À exceção de dois, todos possuem ouvidoria. Todos divulgam amplamente seus concursos públicos. Divulgam processos disciplinares envolvendo seus juízes os TRTs 2,3,4,7,8,16,23 e 24. As atas das sessões administrativas são divulgadas pelos TRTs 11,15,16,17,18,20,21,23 e 24. Projetos e obras de fóruns são noticiadas pelos TRTs 1,5,6, 9,10,15,16,22 e 24.

No âmbito da Justiça Estadual, encontra-se maior individualismo, situações mais peculiares a cada tribunal. Isto é normal. Os estados gozam de maior autonomia na organização de suas Justiças, além do que guardam enorme diferença entre si em razão da economia, população, movimento forense e até do tempo de existência, existindo tribunais seculares, prolongamento das relações do reino, até outros bem mais recentes, fruto da criação de novos estados na federação. Vejamos alguns dados de interesse.

Na Região Norte, o TJ do Amapá publica todas as sentenças e acórdãos na internet. O Tribunal de Rondônia divulga todos os processos disciplinares e criminais contra os seus magistrados, possui ouvidoria, publica os projetos de obras de fóruns e as atas das sessões administrativas. O TJ de Roraima divulga a gestão fiscal, execução e balanço orçamentário. Todos divulgam seus concursos públicos.

Na Região Nordeste, os TJs do Piauí e Ceará apresentam alto grau de divulgação, tornando públicas sentenças e acórdãos, estatísticas de produtividade, inclusive de Juizados Especiais e Turmas Recursais, possuem ouvidoria, informam bem sobre os seus concursos públicos e divulgam sessões administrativas com as respectivas atas. No TJ de Pernambuco, as obras são divulgadas, inclusive os serviços de engenharia. O TJ do Rio Grande do Norte divulga bem seus atos, inclusive a produtividade de seus magistrados.

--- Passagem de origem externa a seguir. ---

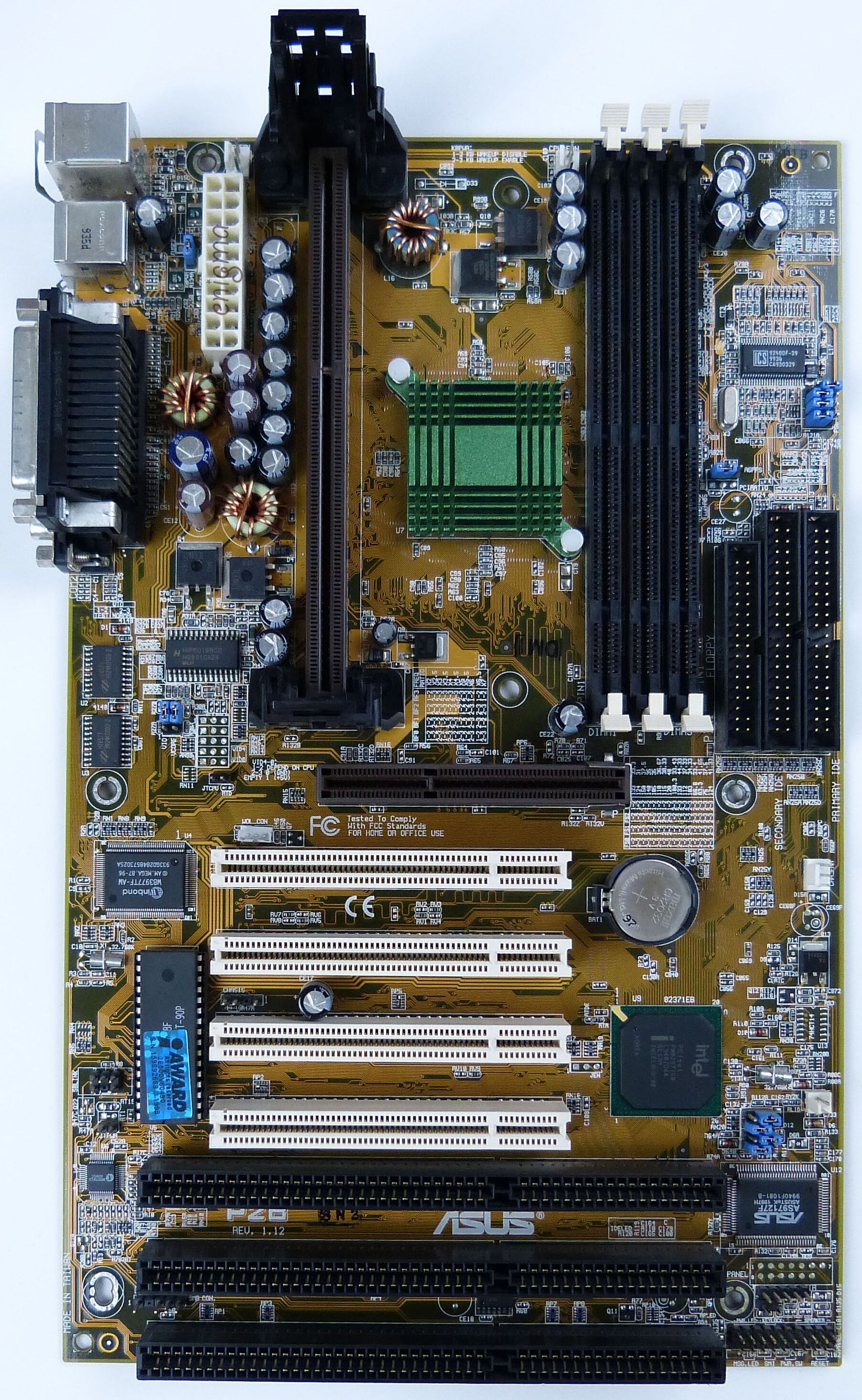 Last revision of the ASUS P2B, supports Coppermine Pentium III and Celeron. Socket 370 CPUs are officially supported with an Sloket. FSB 133 CPUs are supported via overclocking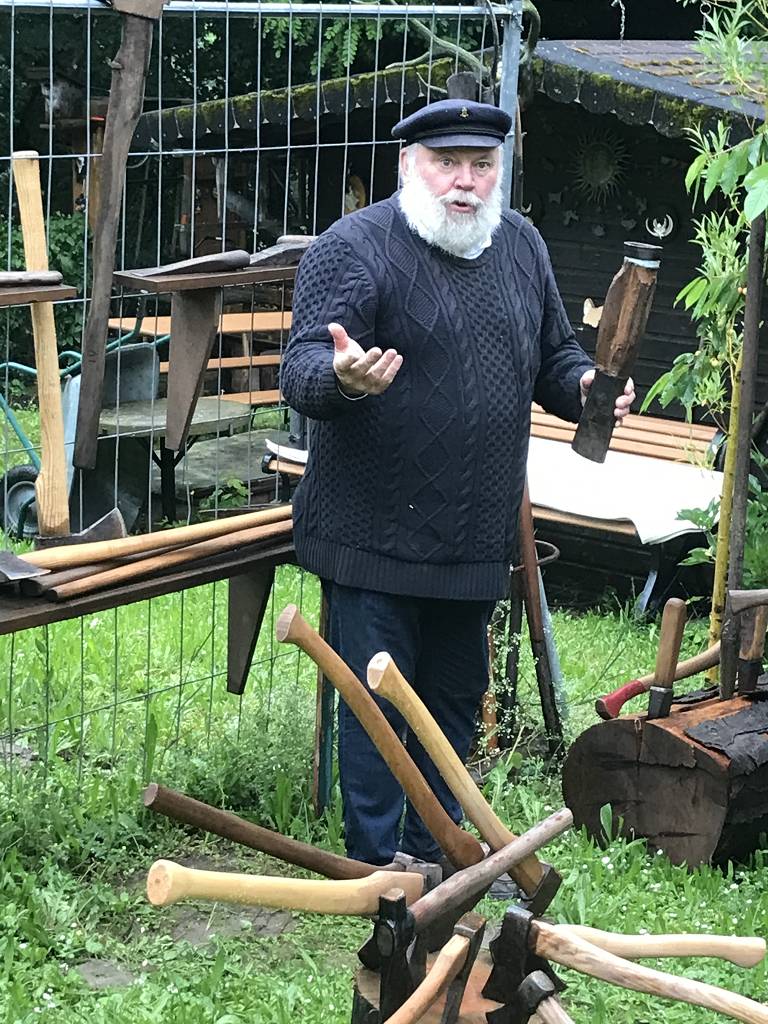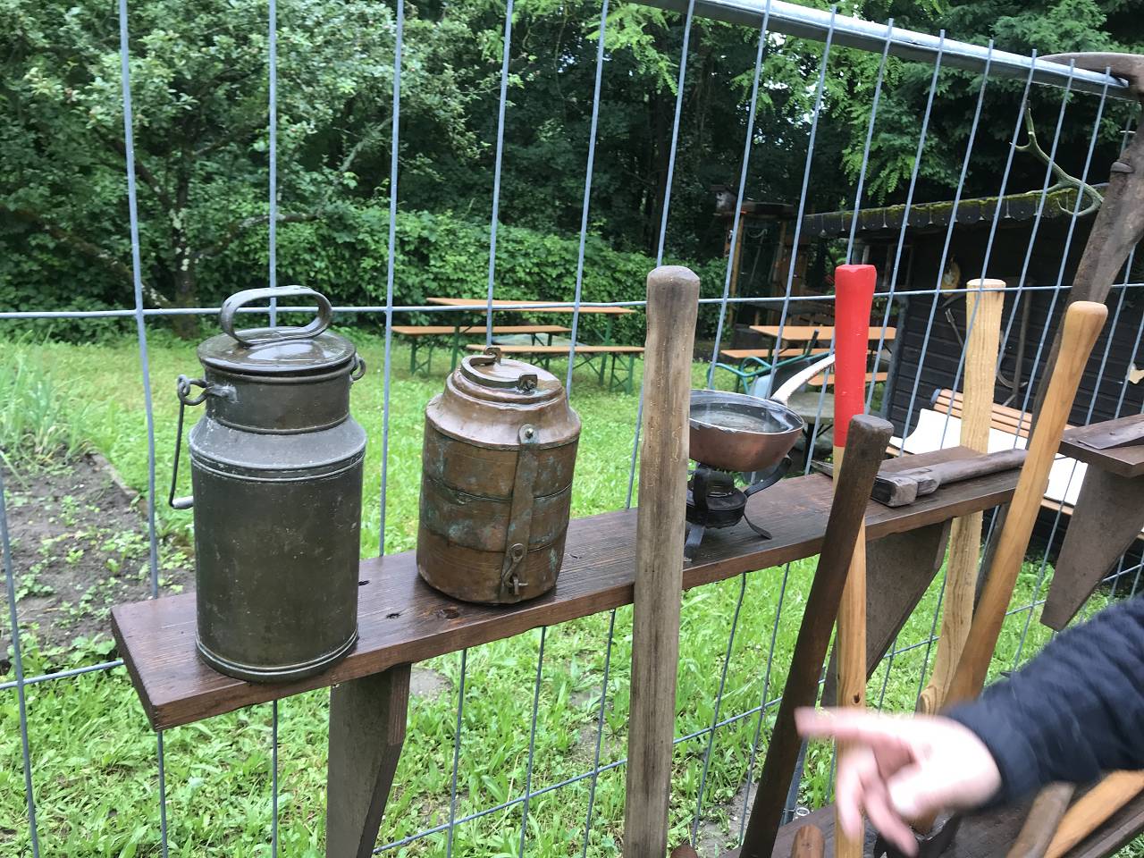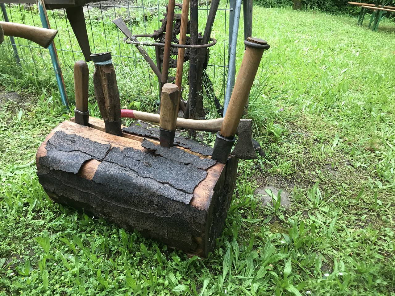„Holzmacherwerkzeug und -gerätschaften“ hieß das Motto der Veranstaltung. Und so wie früher die Holzmacher bei Wind und Wetter zur Arbeit gingen, haben sich die Besucher nicht beirren lassen, sich auf dem Veranstaltungsgrundstück einzufinden und auch die Exponate an der Bauzaun-Galerie zu bestaunen. Aus seinem schier unendlichen Fundus hat Vereinsmitglied Joe Walz wieder interessante und sehenswerte Gerätschaften platziert und natürlich über deren Funktionsweise ausführlich informiert. Am Sägebock durfte dann später auch selbst Hand angelegt werden. Und wer die Last des Holzmachens in früheren Zeiten selbst auf dem Rücken spüren wollte, der durfte sich auch gerne die Kracks, das historische Holztragegestell, aufsetzen lassen.

Na Região Sudeste, o TJ do Rio de Janeiro dá informações sobre as estatísticas de primeiro e segundo grau, produtividade dos Juizados Especiais e Turmas Recursais, concursos públicos e tem sua ouvidoria. O TJ de São Paulo divulga os processos disciplinares e criminais movidos contra os seus magistrados, seus concursos e publica as atas das sessões administrativas. O TJ de Minas Gerais divulga as estatísticas no âmbito interno, o andamento dos seus processos, as licitações e concursos públicos. O TJ do Espírito Santo publica as sentenças e os índices de produtividade de seus magistrados.

Na Região Sul, o TJ do Rio Grande do Sul disponibiliza o endereço e telefone de seus magistrados e seus concursos são amplamente divulgados. O TJ de Santa Catarina oferece a estatística de seus magistrados de primeira e segunda instância e tem boa divulgação de sua ação administrativa. O TJ do Paraná divulga os processos disciplinares por meio do número, dá informações sobre as obras de construção de Fóruns e publica as atas de suas sessões administrativas pela internet.

Conclusões

1 – A transparência é algo novo nos tribunais e não existe um estudo, planejamento ou coordenação para torná-la mais efetiva;

2 – Há tribunais que, voluntariamente, divulgam de forma mais ampla seus atos judiciais e administrativos, avançando mais neste terreno pouco conhecido;

3 – Há uma tendência geral de os tribunais adotarem posições mais abertas diante da sociedade. Prova disto é a existência, de forma quase absoluta, de ouvidorias à disposição dos interessados.